Saya berganti baju kadang seperti fashion show
Begitu boros dan tidak berarti
Tapi herannya saya suka melakukannya
Apakah itu kebiasaan atau kegemaran
Saya juga kurang tahu

Mantra Tentang Kesetiaan dan Cinta Kasih

Mantra ini diberikan oleh Bodhisattva yang penuh cinta kasih yaitu Bodhisattva Maitreya. Buddha Maitreya memandang, dewasa ini, dunia kekurangan cinta kasih. Setiap orang merasa nyaman dengan diri sendiri saja, padahal di luar dirinya sendiri masih ada orang yang perlu diperhatikan. 

Di sisi lain pasangan suami istri sering kedapatan melirik orang lain, kurangnya rasa kesetiaan di antara kehidupan sosial membuat Buddha Maitreya menurunkan Mantra sederhana ini untuk mengingatkan kita semua.

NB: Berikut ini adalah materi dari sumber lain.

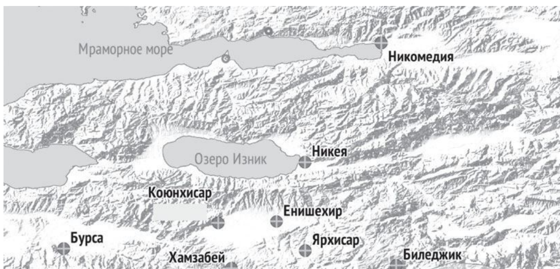
Место Бафейской битвы (отмечено красным кружком)

Осман-бей охотно принимал под свои знамена всех желающих, и его войско состояло из представителей нескольких бейликов. По византийским данным, в нем было пять тысяч сабель. У обедневших к тому времени византийских императоров осталось мало регулярного войска. Из экономии они предпочитали не содержать большое войско, а платить наемникам, когда в тех возникает необходимость, или же набирать на время ополчение из гражданского населения. Поэтому армия Георгия Музалона была похожа на кокореч 34 – она состояла из византийских солдат, наёмников-аланов 35 и ополченцев. Многие наемники и ополченцы разбежались, и перед сражением у Музалона осталось около двух тысяч воинов.

Marilah kita sering-sering mendaraskan mantra ini.


Di tengah ketersesatan enam indra
Mencari jalan keluar dari semua masalah
Di mana jalan lurus itu?
Sejauh mata memandang
Bisakah anda melihat gunung itu?
Jalan itu berputar dan berbelok
Seperti hatiku yang tak berarah
Apakah aku mengikuti seutas tali
Membawa ku pada tujuan?
Hatiku hanya melihat samar
Tapi hangat matahari terasa nyata
Dalam perjalanan ku
Tidak akan selalu lurus, banyak rintangan
Tapi dalam perjalanan aku ditempa
Menjadi kuat dan layak untuk mendapatkan
Bisakah aku bertahan pada setiap kerikil tajam?
Bisakah aku menyingkirkan batu besar dalam diriku?
Meski pun hatiku sudah hancur dan terluka
Bisakah ku setia dan bertahan?
Jika kau mengerti cinta pada akhirnya apa?
Apakah kita akan melarikan diri?
Tapi kasih sayang sejati tak pernah berlari
Seperti itulah yang diberikan kepadaku
Meski banyak rayuan dari orang-orang
Tapi itu tidak menggoda imanku
Dari hal-hal yang benar-benar menyayangiku
Aku dengan segala rapuh berkata,
"Aku akan bertahan"

Mantra: Perjalanan Menuju Utara

Mantra yang ini diberikan oleh Bodhisattva Maitreya dan Bodhisattva Manjushri. Fungsi mendaraskan mantra ini: merefleksikan kembali perjalanan hidup kita. Merefleksikan kembali perubahan hidup kita dalam menjalankan Tao. Dari berwatak keras hingga dapat beradaptasi dan menjadi manusia yang senantiasa belajar melunakkan diri agar mengerti orang lain dan merubah suasana hati yang dingin menjadi hangat.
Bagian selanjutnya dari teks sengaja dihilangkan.